Responsibilities
Administration
- Perform installation, uninstallation, and modification of software, patches, and system components.
- Review and analyze monthly compliance reports (provided by customer) to create mitigation and resolution action plans.
- Execute server OS patching, including remediation and rollback for failed patches, as well as patch deployment for critical Common Vulnerability and Exposure (CVE) issues.
- Conduct server and hardware firmware upgrades as part of lifecycle management.
Problem Management
- Isolate, diagnose, and troubleshoot system-related incidents.
- Coordinate service incident management to ensure timely resolution and communication.
- Raise and manage service requests on behalf of the customer when required.
- Participate in root cause analysis (RCA) reviews and provide technical insights for preventive measures.
- Review monthly system logs, identify anomalies, and highlight issues with supporting justification for Authority investigations where applicable.

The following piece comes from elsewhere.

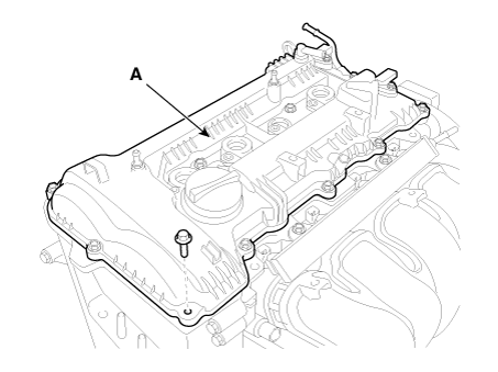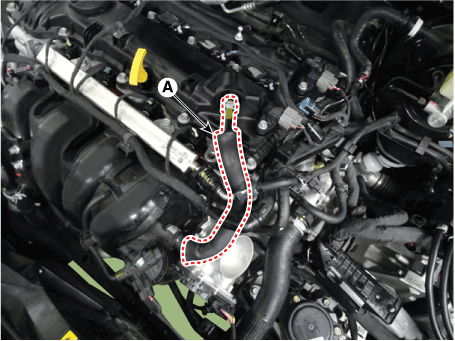 Отсоедините шланг принудительной вентиляции картера (PCV) (А).

- 4–5 years of experience in IT Operations, including OS upgrades, patching, and hardware/software lifecycle management.
- Hands-on experience with NVIDIA Base Command Manager for GPU cluster administration.
- Working knowledge of Kubernetes and NVIDIA GPU Operator.
- Experience with NVIDIA AI Enterprise solutions.
- Strong analytical, troubleshooting, and incident management skills.
- Ability to deliver professional, structured reports and technical findings.